Seru is a town in south-eastern Ethiopia. Seru is the capital of one of the 22 districts of the Arsi Zone of the Oromia Region. Seru has a latitude and longitude of with an elevation of 2302 meters above sea level. It is the administrative center of Seru woreda. It is bordered by Amigna district in the north and northwest, Robe district in west and southwest, Bale Zone in the south and southeast and west Hararghe in the east. Having a total area of 2412 km2, it is the largest district from the zone (11.48%). Seru district has 32 peasant association of which two (Seru Abas and Bele) are urban administrative units. Seru Abas town is the capital of the district, located at 297 km from Finfine and 172 km from zonal capital, Asella town.

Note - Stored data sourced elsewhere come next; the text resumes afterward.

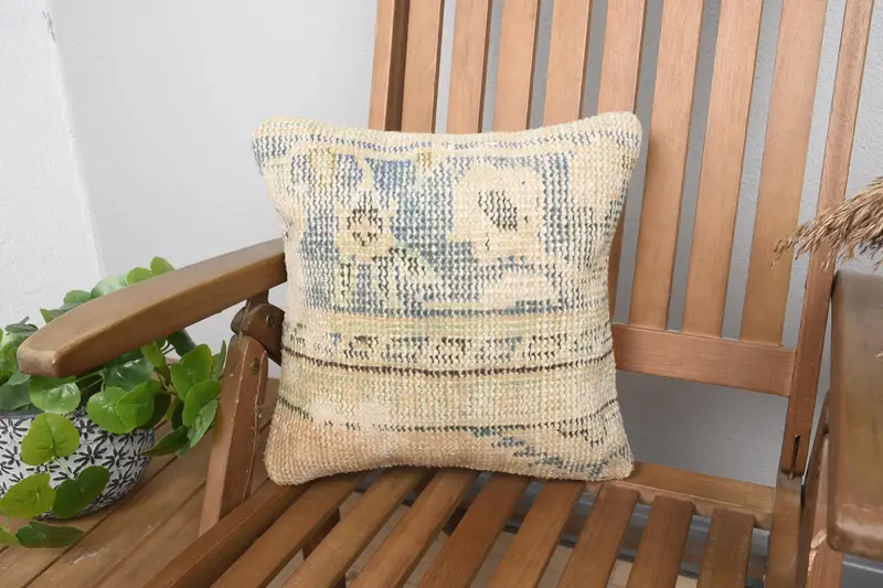Almohada floral verde y naranja hecha a mano, almohada de tiro bordada 14x14
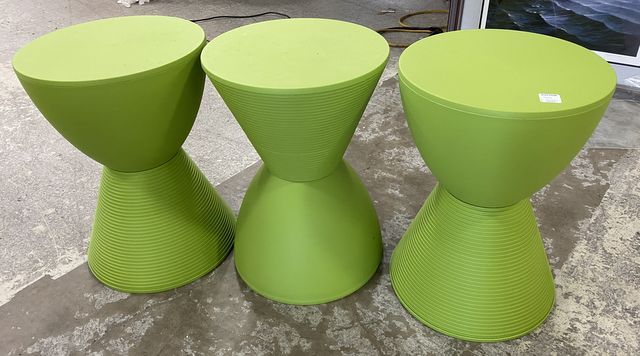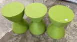 Three Contemporary Green Pedestal Stands, hard plastic, 17"h., 12"dia. Three Contemporary Green Pedestal Stands, hard plastic, 17"h., 12"dia.
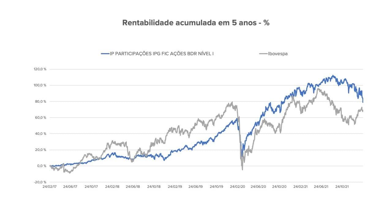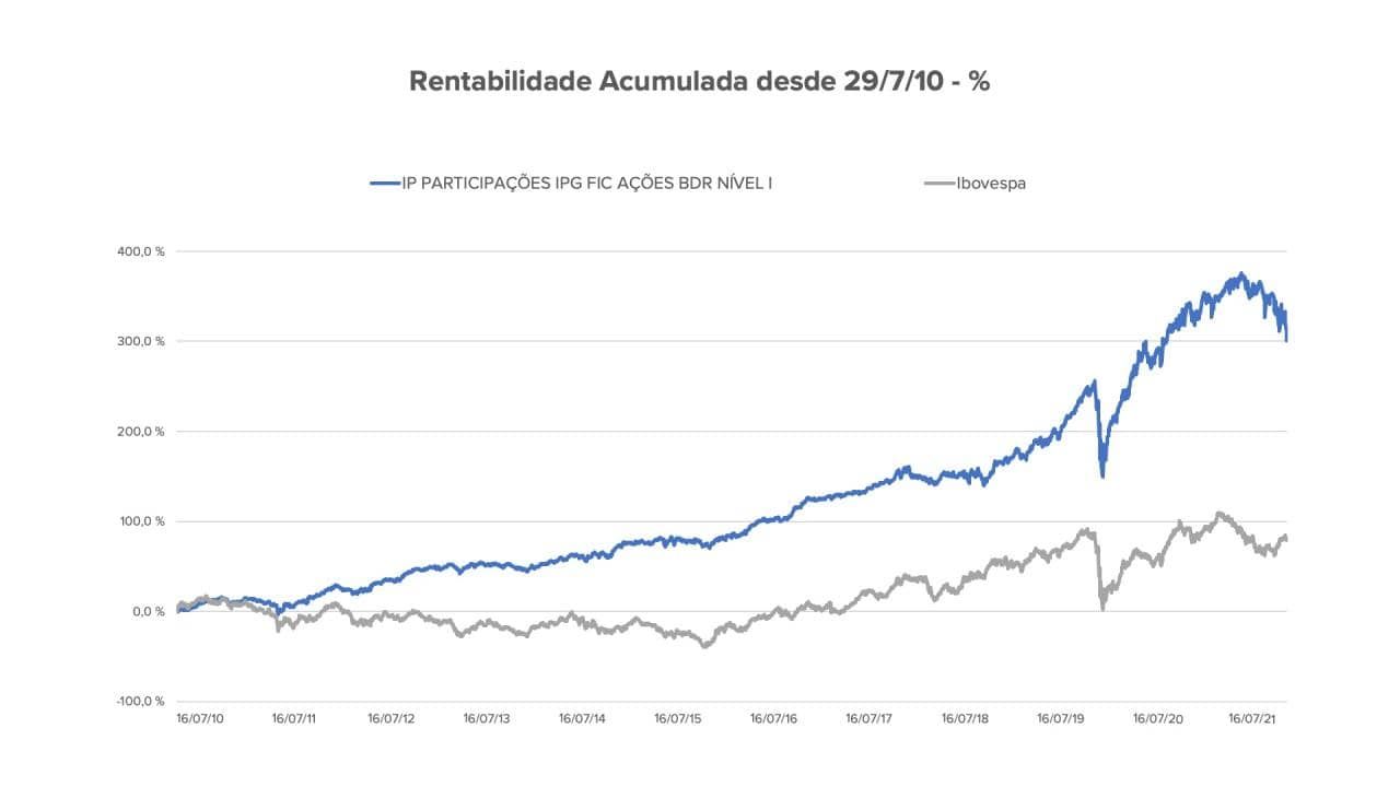 Veja, por exemplo, o histórico de rentabilidade do fundo IP PARTICIPAÇÕES IPG FIC AÇÕES BDR NÍVEL I desde 2010, em um comparativo ao índice Ibovespa (IBOV) no mesmo período.
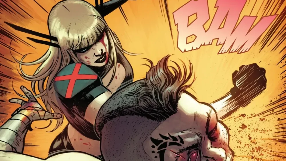 Illyana lands a big punch on Kaos. Kaos, as described by Illyana, is a Russian mage she’s worked with in the past, but for some reason he seems not like himself. This is when it’s revealed that her kidnapper is actually controlling him.
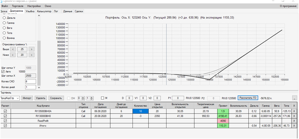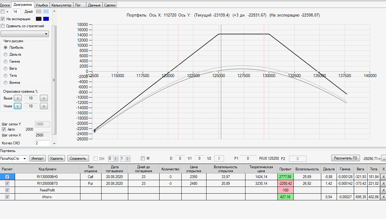 После продажи  1 опциона Колл (20.08) на 130000 страйке и перепроведения ОК  получаем Профиль, с приподнятыми краями.
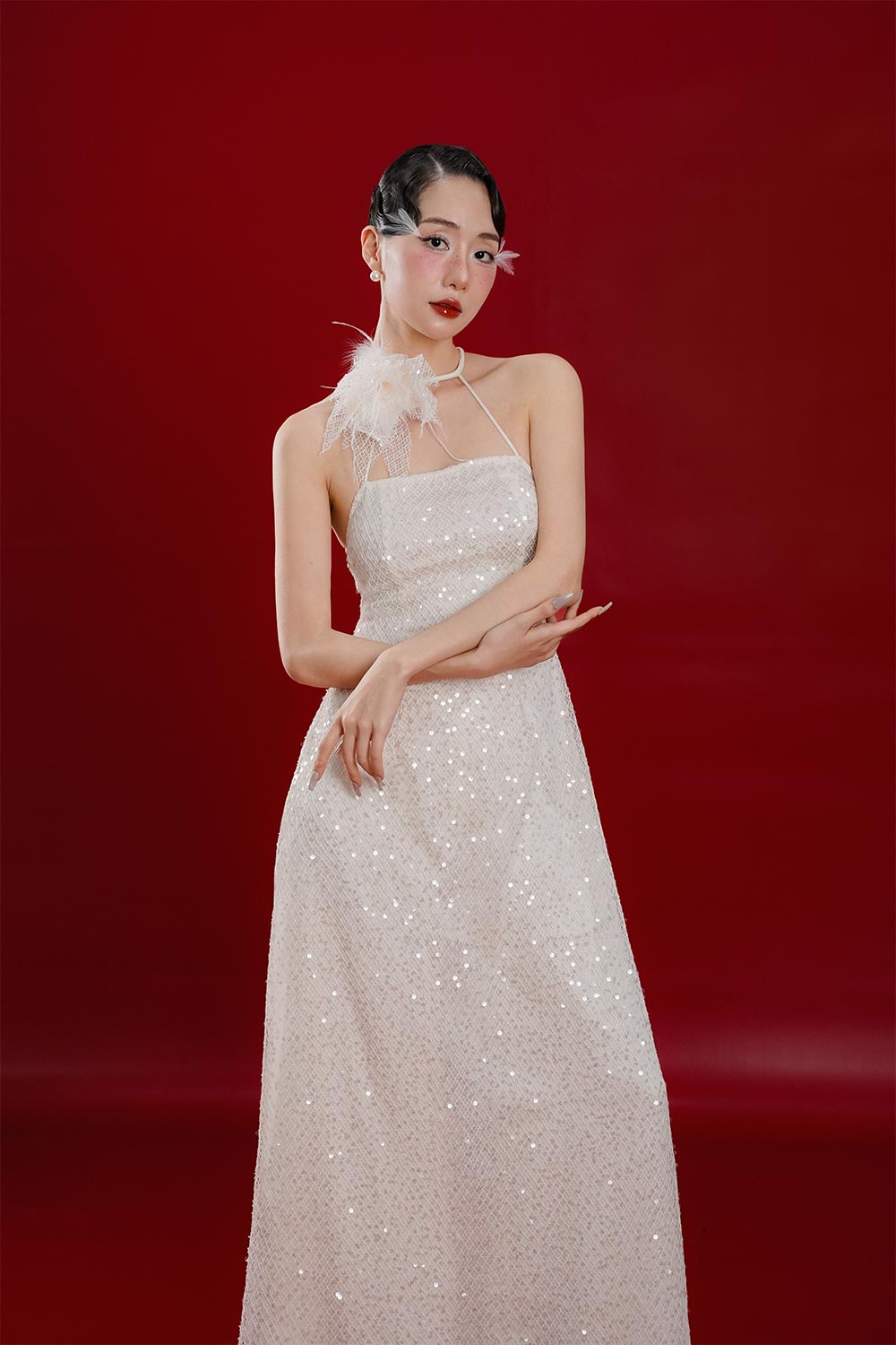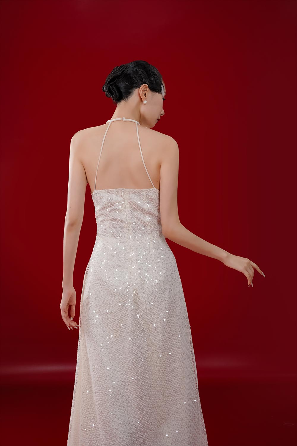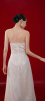 This Ao Dai features an A-line silhouette and sleeveless design, crafted with delicate mesh fabric and adorned with sparkling sequins. Perfect for formal events, this floor length ao dai showcases a blend of elegance and glamour.
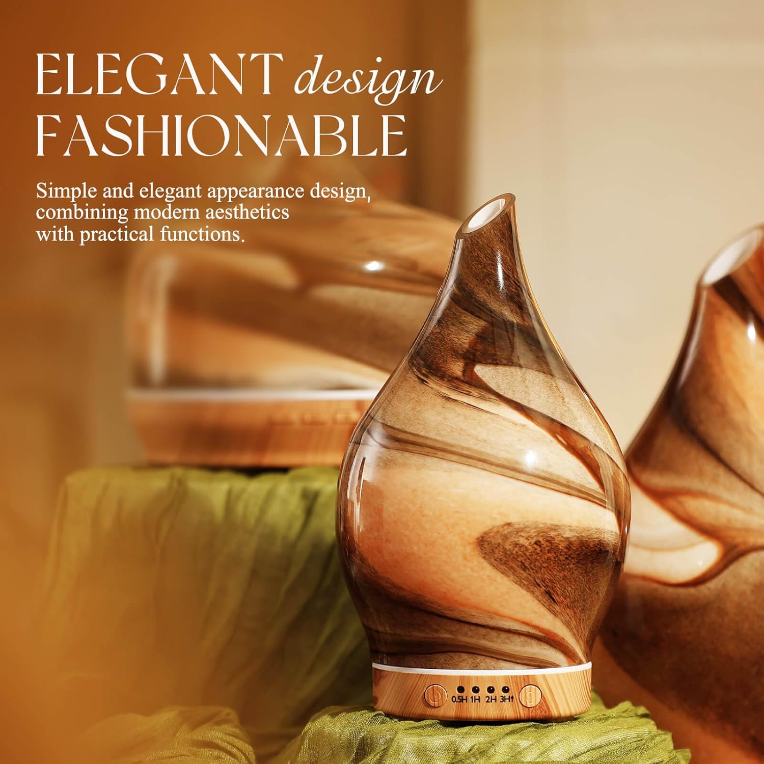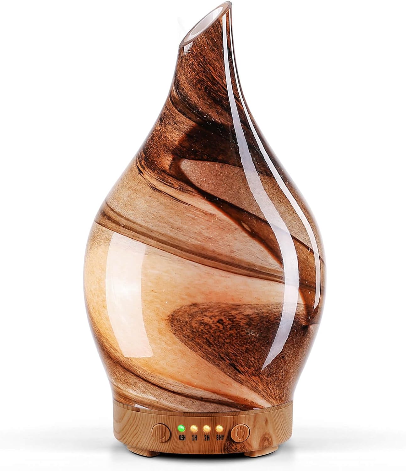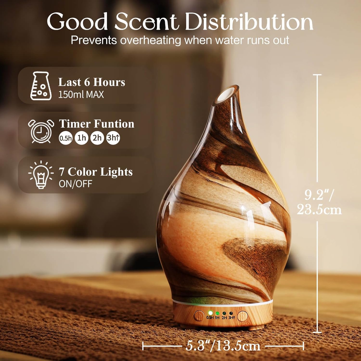 UNIQUE ART DECORATIVE DESIGN – Our 150ml glass essential oil diffuser has an elegant starry pattern glass cover and wood grain decorative base. It is very suitable for your bedroom, living room, children’s room, study room, office, and yoga room.
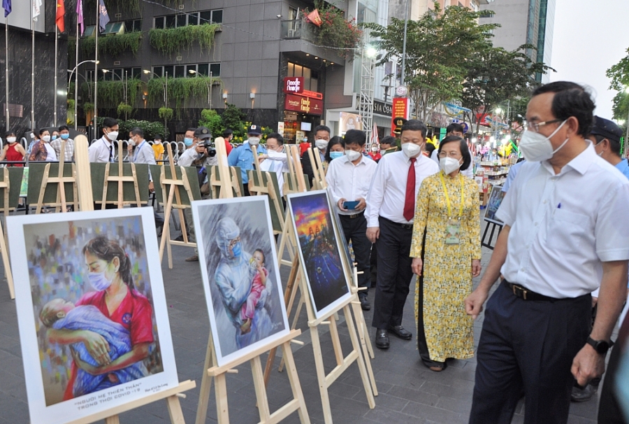 Ngoài những xuất bản phẩm viết về đại dịch Covid-19 tại Lễ hội Đường sách Tết sẽ trưng bày bộ tranh của họa sĩ Lê Sa Long “Sài Gòn thời giãn cách” gồm gần 40 bức tranh với chất liệu arcylic - pastel và màu nước, chỉ đơn giản là những tranh vẽ ghi lại nhịp sống của TP. Hồ Chí Minh trong những ngày giãn cách xã hội, phòng chống dịch Covid-19; những hình ảnh của ATM oxy, ATM thực phẩm…
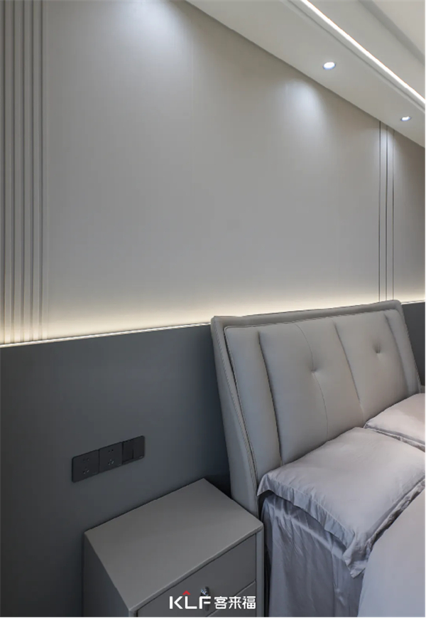 沿用了暖咖色的床头背景墙设计
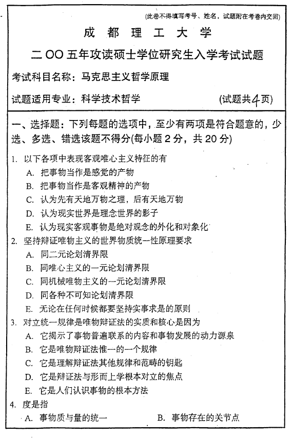 成都理工大学2011-2004马克思主义哲学原理617考研真题(7)
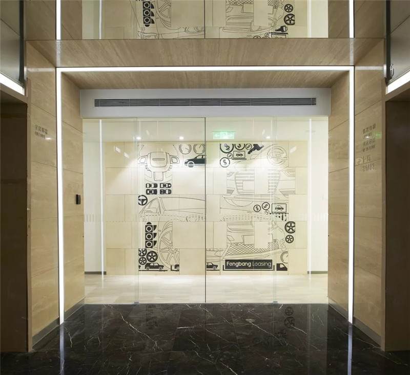 因為項目在北京,所以選取北京有代表性的建筑剪影組合在一起,形成了貼膜圖案。實際實施完以后,燈光打亮的情況下,地圖相當于有不同細度的鏤空線條,非常清晰,包括建筑的剪影也十分細致,既起到了一定的私密性,又有非常強的視覺效果。
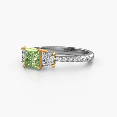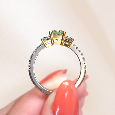 This 14 Carat white gold ring is called Dorla and is set with 5 mm green lab grown diamond. What is it that makes your relationship unique? What is it about her that makes you want to bend down on one knee? The unique bond between the two of you is emphasized by an equally unique ring. A one of a kind micro pave 3-stone engagement ring made especially for her. That is why this exclusive ring fits her like a glove. Each specific detail of this micro pave white gold green lab grown diamond set engagement ring is hand-picked, crafted and polished by our expert goldsmith. The result is an exquisite ring, unique and perfectly crafted to perfection. That is what our expert Goldsmiths strive for. This jewel is unique in every way! Simply customize to your liking,After receiving your order, our goldsmiths will passionately start the creative process of making your engagement ring in our own studio. Because we don't have a big stockpile, these costs will not be passed on to you. Our pricing is proof of that! We offer top quality jewels at lowest price, guaranteed.Do you have a specific ring in mind? One you came across somewhere. Please feel free to tell us your wishes and we will turn your design into a unique engagement ring. You can follow the development of your ring design because we use 3D drawings. This gives you a realistic preview of your design. We will gladly send you a non-binding offer, based on a fair price/ quality ratio. It will amaze you.To make it easier for you, we offer a 30 day return policy. Check our terms and conditions.
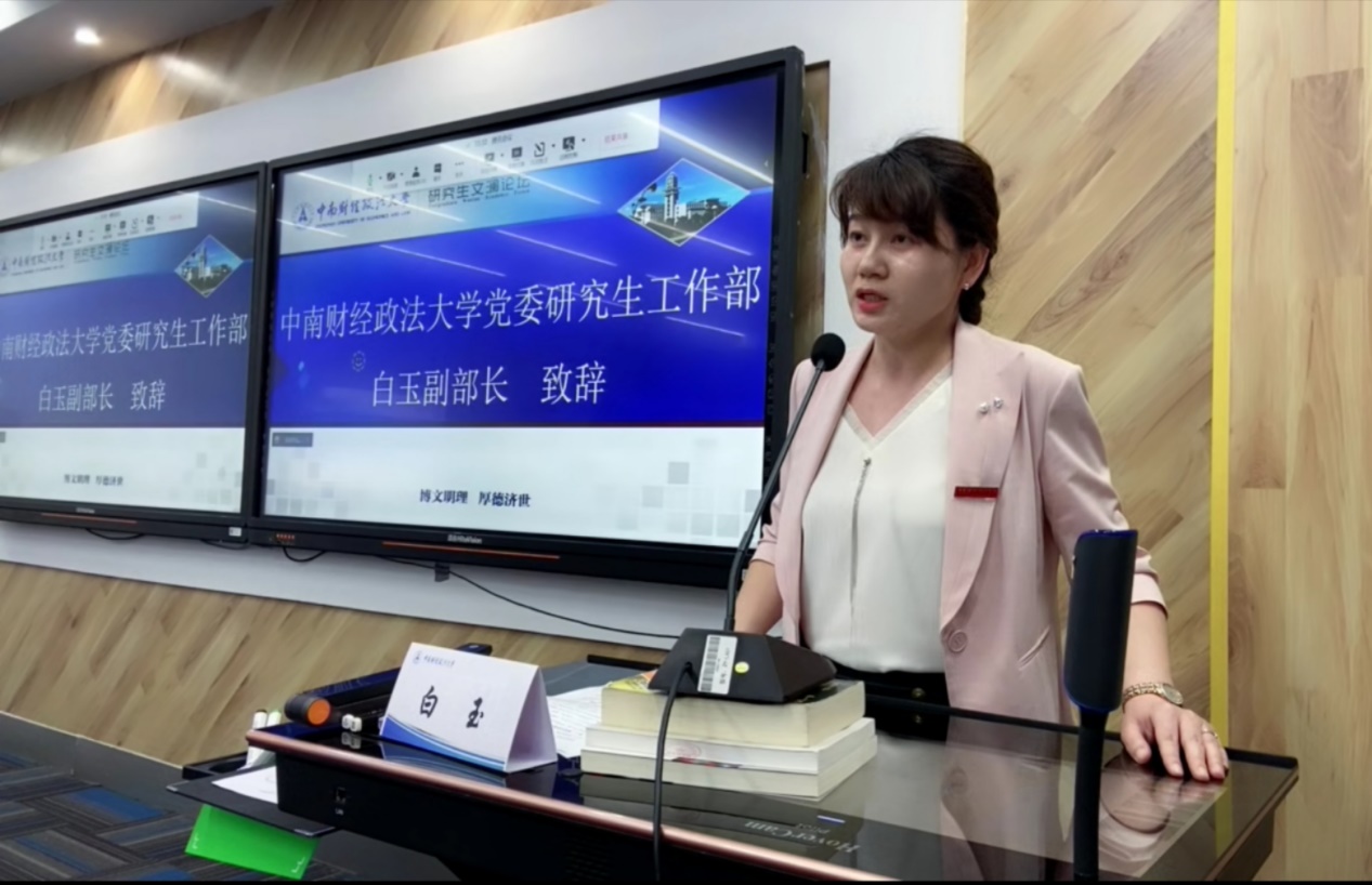 (通讯员:胡迅 摄影:朱炜妍)4月22日下午2时30分,中南财经政法大学第九届研究生“文澜论坛”之研究生会主席高峰论坛以线上、线下相结合的形式在我校文澴楼607教室成功举办。校党委研究生工作部白玉副部长、研究生思想政治教育办公室付慧娟、黄丽琼老师、刑事司法学院彭倩老师出席了此次高峰论坛。全国28所知名高校研究生会代表及各学院(中心)研究生会代表参加了本次活动。校研究生会主席团成员杨奡主持本次论坛。本次论坛由中南财经政法大学研究生院、党委研究生工作部承办,中南财经政法大学研究生会、刑事司法学院研究生会协办。
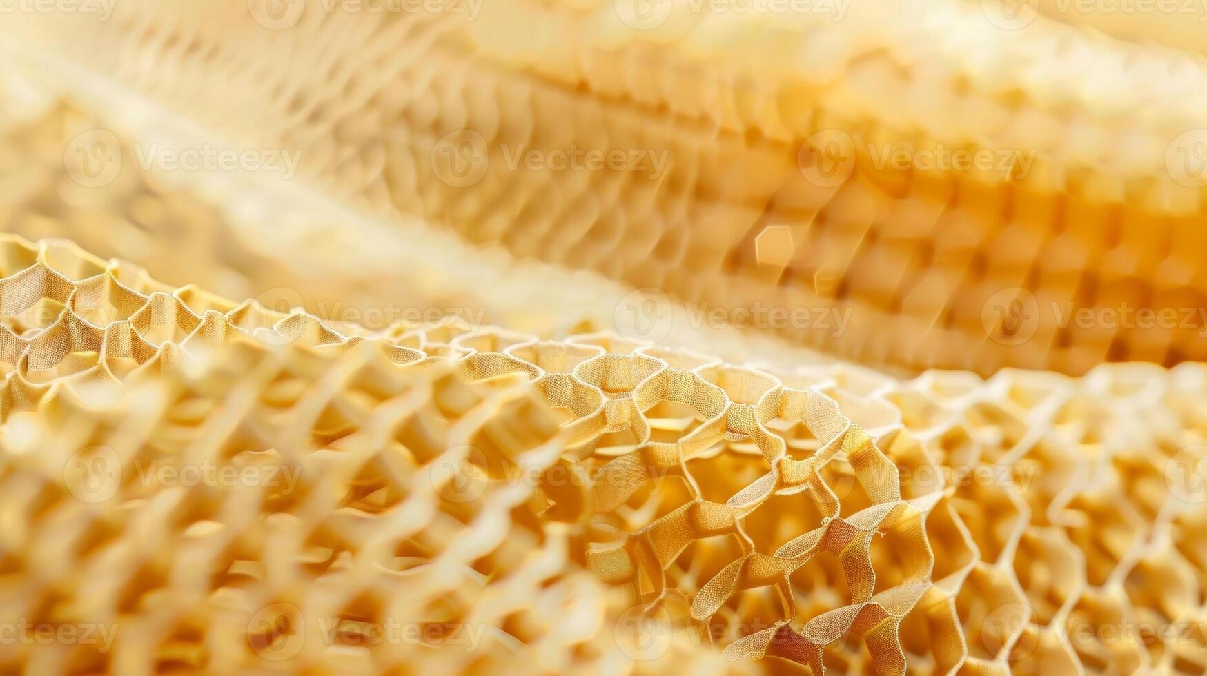 A closeup of a meshlike material with a honeycomb pattern and a series of small holes. This biocompatible material is used to create surgical mesh providing support and reinforcemen Pro Photo

According to the information obtained from elder persons, Seru was recognized as a district 90 years ago. There were no written documents and reliable oral tells about the precise meaning of the word Seru. Based on information from local elders, the name of the town Seru originated from Afaan Oromo Seera, which means "rule and norm". Thus the term Seru is to indicate a place where rules and norms are discussed about. The elders commonly say "Seeruun Seera qabdi" in Afaan Oromo, which means the town Seru got rules and norms.

According to the Oromia Regional government, the only communication service currently in this town is radio communications for official purposes. Seru has no electricity. An UN-OCHA fact-finding mission visiting the town in 2003 described the community's water source as "quite original": the town has been built over a ground water reserve. The UN-OCHA report states, "Every compound has a hand-dug well, administration and school compounds as well. Water is reachable at 12 to 15 m depth". However, the report notes that the local people "have reported that the water table level has decreased over the past years."

Seru was mentioned in the Guido published by the Italians in 1938.

Based on figures from the Central Statistical Agency in 2005, Seru had an estimated total population of 3,082 of whom 1,422 were men and 1,660 were women. The 1994 census reported this town had a total population of 1,727 of whom 771 were men and 956 were women.